The Association of the United States Army 2018 annual meeting took place in Washington, D.C. last week. It is the largest landpower exposition and professional development forum in North America.

I wasn’t in attendance, but did get to watch the many livestreams taking place throughout the week.

My social media feeds were filled with pictures of Army friends reuniting and takeaways from a variety of different sessions, from family forums to the recent struggle Army families have faced as they experienced a permanent change of station.

Each session was filled with many takeaways.

AUSA is the United States Army’s professional association. It is the voice for the Army on Capitol Hill and it offers support for soldiers and families.

The numbers stack up like this: There were approximately 30,000 attendees and more than 700 exhibitors from more than 100 different countries.

I was particularly interested in the family forum discussions. It made it extra special because our very own III Corps commander’s spouse, Dr. Beth Funk, was a member of the panel.

First of all this made me so proud. It made me proud for many reasons — Funk is a shining example for military spouses, a long-time educator and now business owner here in Killeen. She is forever giving back to the community and supporting service members and their families.

Fort Hood and our families were proudly represented.

Funk discussed the importance of social connectivity. I found this topic extremely interesting because technology has helped us find ways to connect with a wider audience as a military spouses, family readiness group leaders and board members. This is a valuable tool in our toolbox.

Something struck me as Funk was discussing the social support and the opportunities and challenges that come with connecting on a digital level. We spend a lot of time making sure we are getting the information disseminated on so many different channels and platforms.
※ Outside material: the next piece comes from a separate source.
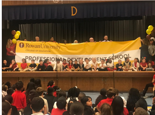
On Oct. 22nd, the D'Ippolito's Elementary Schools PDS Banner was unveiled.
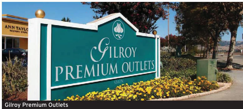
Gilroy Premium Outlets

As military spouses, our lives are busy — work, families, military obligations, school requirements and maybe just a little bit of time for ourselves. With all of that, it seems like there isn’t enough time in a day or a week to connect face-to-face with our military spouse peers and pals.

Listening to Funk, it was a great reminder for me to make sure we are building meaningful relationships as we continue to find ways to enhance the way we connect and provide support and information for each other.
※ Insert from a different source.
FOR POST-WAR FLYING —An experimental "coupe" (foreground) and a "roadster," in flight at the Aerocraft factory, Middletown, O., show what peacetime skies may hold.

The conversation shifted to the importance of our community and the connection we have with the people and places outside of our gates. For me, that brought our Good Neighbors to the forefront of my thoughts.

Our “Good Neighbors” are simpleythe best neighbors. They drop everything at a moments notice to jump in and help get ready for a deployment or homecoming. They are there to welcome our returning service members with open arms and big smiles. They show up to every event happily. They donate not only their time and money, but their experience. They are instrumental in the connections we keep with each other and our surrounding community.
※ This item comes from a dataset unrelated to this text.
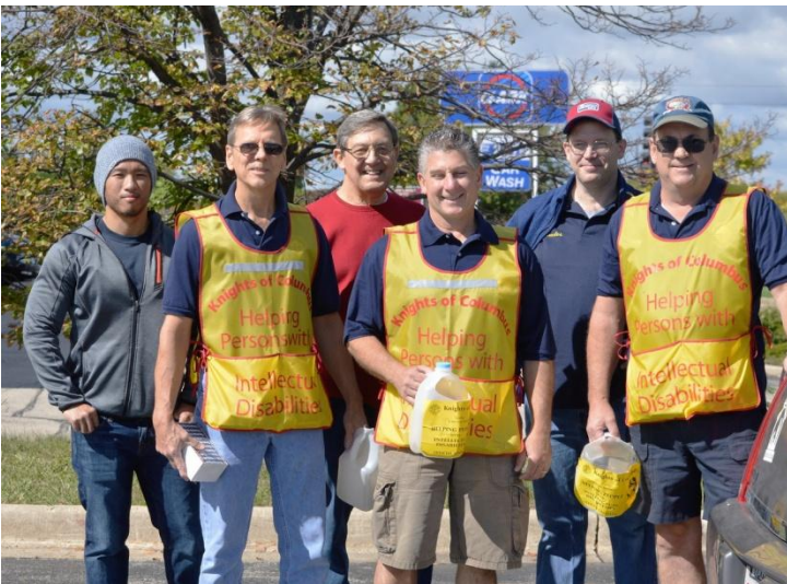
Front row Back Row
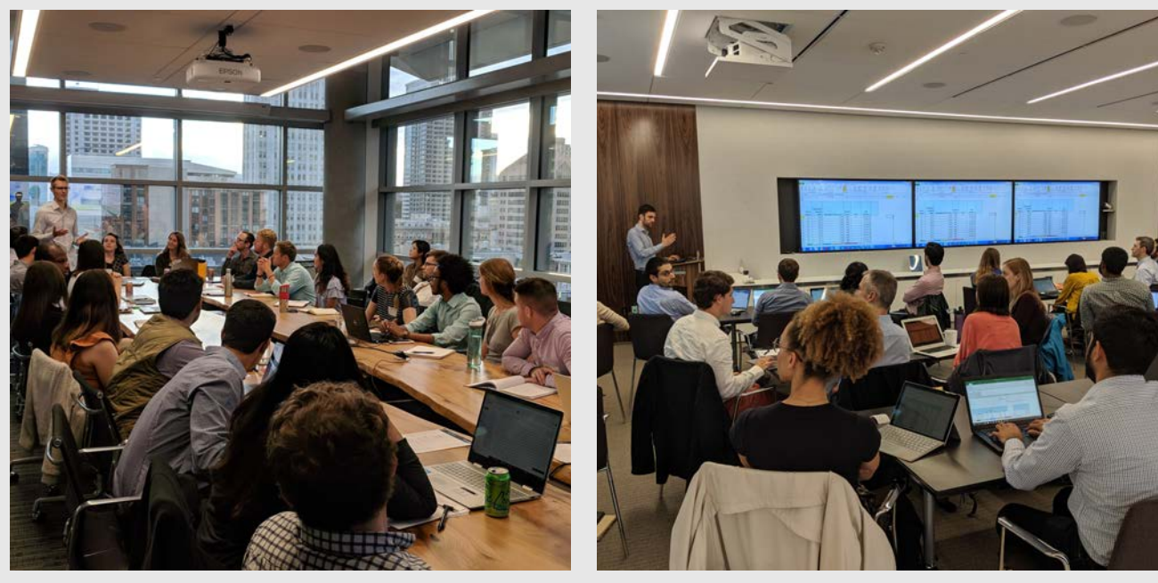
Since its founding in 2013, CELI has trained more than 500 emerging leaders through our flagship Fellowship program, representing 250+ organizations across the clean energy economy.

References: E2, Clean Jobs America Report (2019); Environmental and Energy, Fact Sheet - Jobs in Renewable Energy, Energy Efficiency, and Resilience (2019); NASEO & EFI, The 2019 US Energy and Employment Report (2019)

I can’t remember a time that I attended an event, from color casing to promotion ceremonies, homecomings to changes of command, that our Good Neighbors weren’t front and center. Some are retired military, some with family members who are veterans, others just huge supporters of the sacrifice service members and their families make for this great nation.

Without the support and connections of our fellow military family members and Good Neighbors, we would not be the same. We must continue to remain committed to building and growing these meaningful relationships.

Reena O’Brien is a military spouse and Herald correspondent. She lives on Fort Hood.